= THE PROBLEM =
Print exactly, and only, the lines from the one containing "仕様：A4判 オールカラー 無線綴じ 本文104ページ" through the last line of the records below, both included; leave out the pictures.

*** DATA TO PROCESS ***

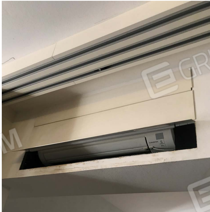
Split aria condizionata
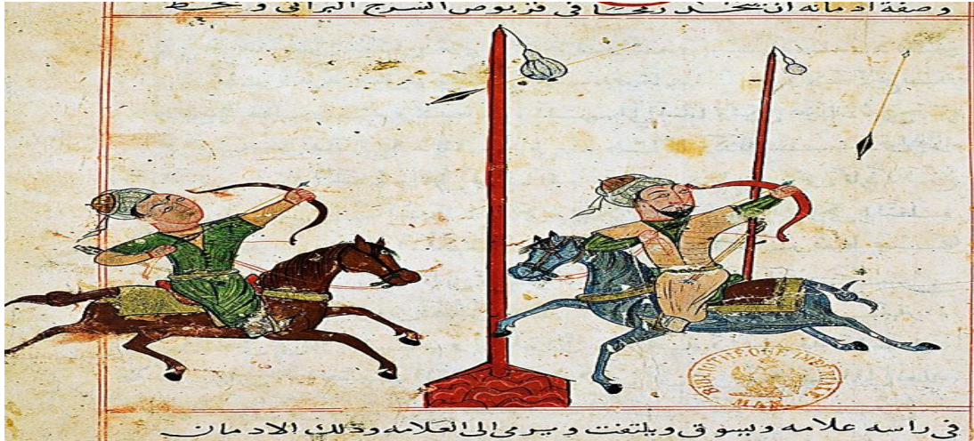
Resim 1: 14. Yüzyıl, Atıcılık talimi yapan okçuları tasvir eden bir minyatür (Ibn Ahî Hizâm, el-Maḥzûn câmi' u l-fünûn, Bibliothèque Nationale, MS, Kıpçaki Turkish, nr. 2824, vr. 28'a).

3.2 Jambu atu: Özel donatılmış yerleşim yerlerinden uzakta bulunan yeri ister. Ata binip koşan süvarin tüfek attığı nişan, seyircilerin karşı tarafında 3 metre yüksekliğinde koyulur ve 30 santim çapında yuvarlak topa benzer. Oyuna katılan her kesin, kendi atının ve tüfeğin olması lazım. Depara davet edilmeden önce o, bunun için sıkı belirtilmiş yerde beklemeli ve yarışmalarında davranış kurallarına kesinlikle uymalıdır. Yarışmacıların depara yani ateş hattına çıkışı, kura çekerek belli olur. Depar çizgisine davet edilen süvari, hakemden sadece bir fişek alır, tüfeğini durdurur ve verilen işaretten sonra bitişe doğru koşar. Nişandan birkaç metre önünde ateşi açar ve koşmaya devam eder. Her bir oyun yarışmacısına sadece bir atış yapmasına izin verilir ve böylelikle el sertliğini ve göz keskinliğini göstermek. Oyunu kazanan, nişanda fişekle yapılan en çok rahne sayısına göre belirlenir.
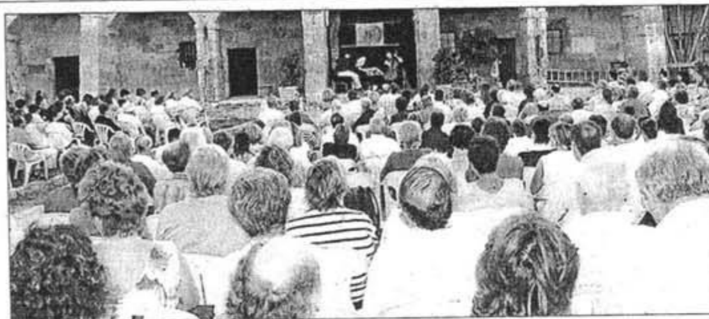
Numeroso público presenció el acto en la Isla del Rei.

El público asistente merece una mención especial, ya que comprendió las dificultades de los intérpretes en interpretar en un espacio poco favorable. Por otra parte, cabe destacar los numerosos donativos que se recogieron a lo largo de la jornada sabatina.
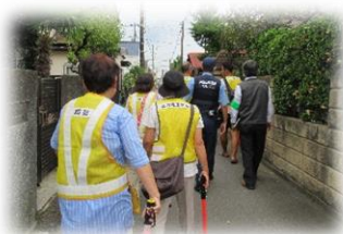
東町町内会でのパトロールの様子 ↓
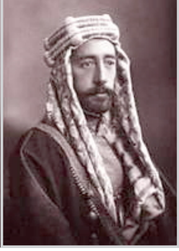
الملك فيصل الاول
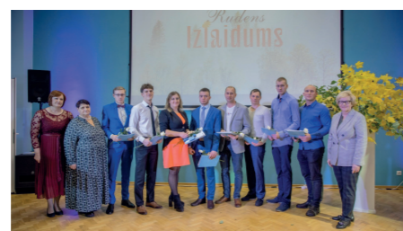
V-052 grupa kvalifikācija "Lauksaimniecības mehanizācijas tehniķis"
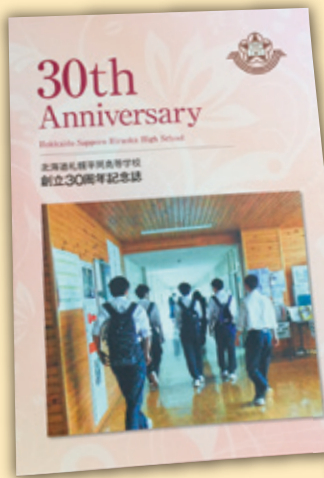
仕様：A4判 オールカラー 無線綴じ 本文104ページ

昨年11月には記念式典が行われ、今回の記念誌完成により、次のステージへ進む節目にお祝いを申し上げます。弊社はお客様の節目となる記念誌づくりの一助となるよう今後も努力してまいりますのでよろしくお願いいたします。
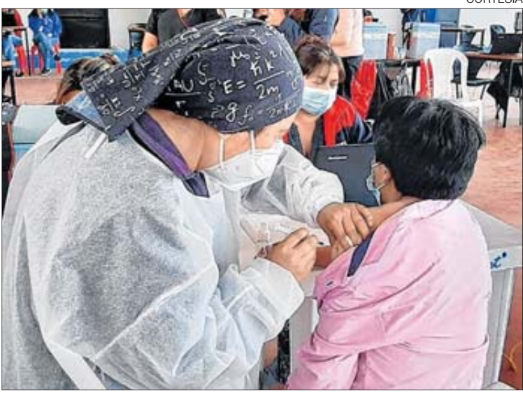
Jornada. Brigadas inmunizaron a cientos de personas en varios sectores.

Las brigadas desde el primer día que dispusieron el servicio,
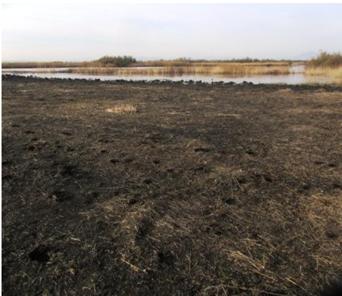
Gestió a la zona de Les Llaunes. 09/12/2011.

***

= TASK RESPONSE =
仕様：A4判 オールカラー 無線綴じ 本文104ページ

昨年11月には記念式典が行われ、今回の記念誌完成により、次のステージへ進む節目にお祝いを申し上げます。弊社はお客様の節目となる記念誌づくりの一助となるよう今後も努力してまいりますのでよろしくお願いいたします。
Jornada. Brigadas inmunizaron a cientos de personas en varios sectores.

Las brigadas desde el primer día que dispusieron el servicio,
Gestió a la zona de Les Llaunes. 09/12/2011.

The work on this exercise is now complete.